The quest for digital connectivity in rural Oregon has taken a turn towards legal action as Attorney General Dan Rayfield lays down the law against a few public officials who seemingly looked out for their own pockets over the public interest. In a recent lawsuit, Rayfield is targeting members of the Inland Development Corporation, which was established to spread fiber-optic internet in remote areas for public institutions, for allegedly exploiting their clout to sell, for personal gain, a broadband company meant to serve the common good.
The defendants—officials from the Port of Morrow and Morrow County—are accused of manipulating the sale of Windwave Communications, Inland’s for-profit arm, to themselves at a cost that the lawsuit calls laughably low, especially since a tech giant like Amazon was poised to propel its value further by planting data centers in the region, in the process that Attorney General Dan Rayfield describes as a "betrayal of trust" because instead of guarding the public’s interest in this digital age where connectivity is king, they sought to line their own pockets, as stated in an announcement from the Oregon Department of Justice.
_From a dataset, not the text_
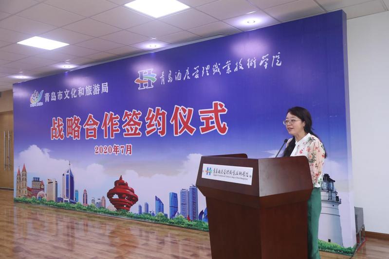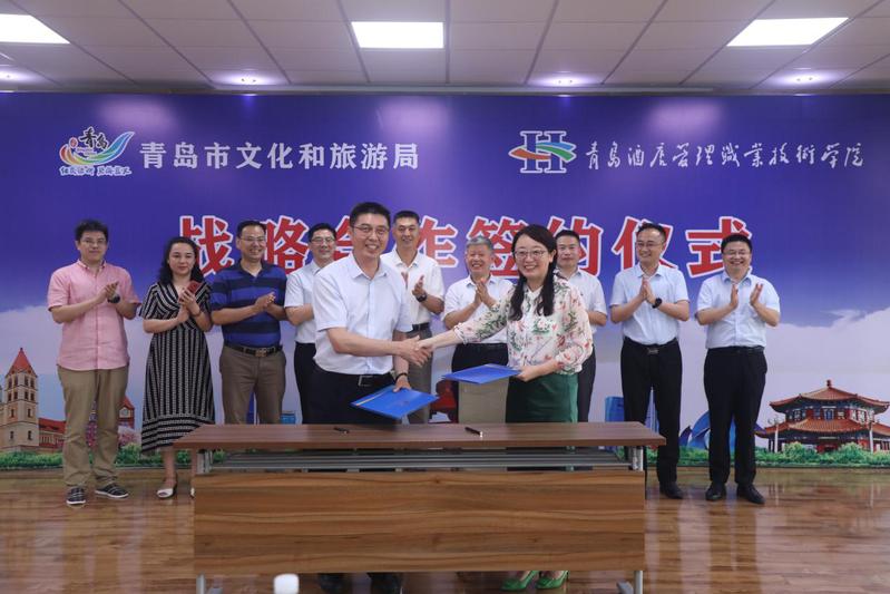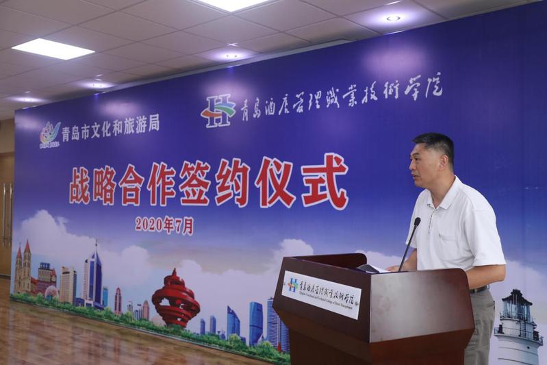 青岛市文化和旅游局副局长隋邦儒和青岛酒店管理职业技术公司党委副书记王鑫代表双方签署了战略合作协议书。

Delving into the legal briefs, it's alleged that to get a favorable sale price of $2.6 million for Windwave in 2018, the insiders handed over stale financial info to the valuation firm, hence not painting the full picture of the company's economic vigor. In what could be considered a masterclass in duplicity, one insider, doubling as the General Manager for the Port of Morrow, was allegedly deeply entangled with Amazon's expansion in the region, which was sure to boost Windwave’s profitability. These revelations follow leaked internal emails highlighting that the company had already reeled in $1.5 million in profits that year, a number expected to increase with Amazon’s increasing presence.
The state’s legal team is not taking this situation lightly, gunning for at least $6.9 million in damages, or potentially unwinding the whole sale, to put things right and maintain that a nonprofit’s assets, which were intended to keep rural institutions like schools and hospitals wired up at an affordable rate, shouldn't morph into a windfall for the well-connected. The lawsuit was set into motion with the filing of a complaint in Morrow County, striving to uphold a cornerstone principle that public resources ought to benefit the many, not the few who sit at the helm.